Log sales price is regressed on indicator variables for the presence of transit keywords at each price quartile, controlling for the number of bedrooms and bathrooms, finished square feet (including a second-degree polynomial term), the age of the home (including second- and third-degree polynomial terms), the year of the home’s sale, and the home’s price quartile for that year. The raw difference (with only price quartile controls) in average sales price for listings with transit keywords is an average premium of 2.8 percent, 5.8 percent, and 4.7 percent for the first, second, and third quartiles, respectively, and a decrease of 16.9 percent for the fourth quartile. See models (3) and (4) in Table 1 for raw and controlled regression output, respectively.

To determine the average effect of transit keywords on log sales price for the cheapest 75 percent and most expensive 25 percent of homes, we used a regression similar to that described above. In this model, we replaced the individual quartile-transit-keyword interaction terms with an indicator for the interaction between transit keywords and either the first-through-third or the fourth quartiles. The raw difference (with only the price quartile controls) in average sales price for listings with transit keywords is a premium of 4.5 percent for the cheapest 75 percent of listings, and a decrease of 16.9 percent for the top 25 percent. See models (1) and (2) in Table 1 for raw and controlled output, respectively.

The division into sales price quartiles has the potential to induce selection bias, as the premium for transit keywords systematically shifts observations between quartiles. However, running similar regressions using predicted sales price without the transit keyword indicator variable yielded roughly similar results (that are available upon request).
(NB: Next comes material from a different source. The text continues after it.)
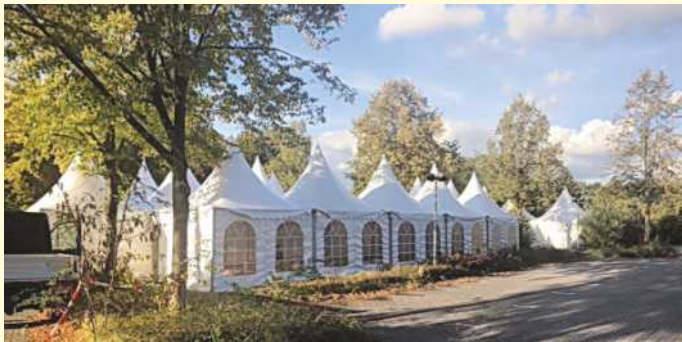
Pagodenzelte für den Fall eventuell weiterer benötigter Verpflegungen.

Da die Mensa zu Donnerstag auch geräumt werden sollte, wurden als Ausweichquartiere für eventuell weitere benötigte Verpflegungen zusätzlich Pagodenzelte errichtet. Mittwochnachmittag (einen Tag bevor der Katastrophenfall im Emsland offiziell aufgehoben wurde) wurde der Einsatz jedoch beendet. Auch der Ortsverein Bissendorf verlor daraufhin unter der Führung von Gerit Höhle sein gesamtes Material und verließ den Einsatzort samt ELW, Küchen-LKW mit Feldküche, Bulli und Betreuungsanhänger.

These regressions considered a reduced universe of neighborhoods—only those where a Metro rail station existed before 2013. Focusing on these areas ensures we are looking at listings that are near enough to a rail station to support any claims of transit access as a local amenity. One alternative approach—including neighborhoods with newly added rail stations—is not a fair comparison because rail was not a viable transit option for the entire 2013–2018 period. A third approach, including neighborhoods with bus stops but without a rail station, would muddle the analysis because of changes over time in bus routes and frequency.

Table 1. Effect of Transit Keywords on Log Sales Price: 2013-2018
Dependent variable: Log sales price
(1) (2) (3) (4)
Transit keywords present x first through third quartile 0.044*** 0.041***
(0.005) (0.004)
Transit keywords present x first price quartile 0.028** 0.030***
(0.014) (0.011)
Transit keywords present x second price quartile 0.056*** 0.057***
(0.007) (0.005)
Transit keywords present x third price quartile 0.046*** 0.037***
(0.007) (0.005)
Transit keywords present x fourth price quartile -0.185*** -0.111*** -0.185*** -0.111***
(0.015) (0.012) (0.015) (0.012)
Price quartile fixed effects Yes Yes Yes Yes
Sales year fixed effects No Yes No Yes
0, 1, 2, 3, and 4+ bedroom fixed effects No Yes No Yes
1, 2, and 3+ bathroom fixed effects No Yes No Yes
Finished square feet (first- and second-degree polynomials) No Yes No Yes
Home’s age at sale (first-, second-, and third-degree polynomials) No Yes No Yes
Observations 23,456 23,456 23,456 23,456
Notes: Each observation corresponds to a for-sale home listing during the years 2013-2018. Only listings in neighborhoods with a Metro rail stop built before 2013 were included. Price quartiles were determined separately within each year. Standard errors shown in parentheses; standard errors are all heteroskedasticity-robust. One, two or three asterisks correspond to statistical significance at the 10%, 5% and 1% levels, respectively.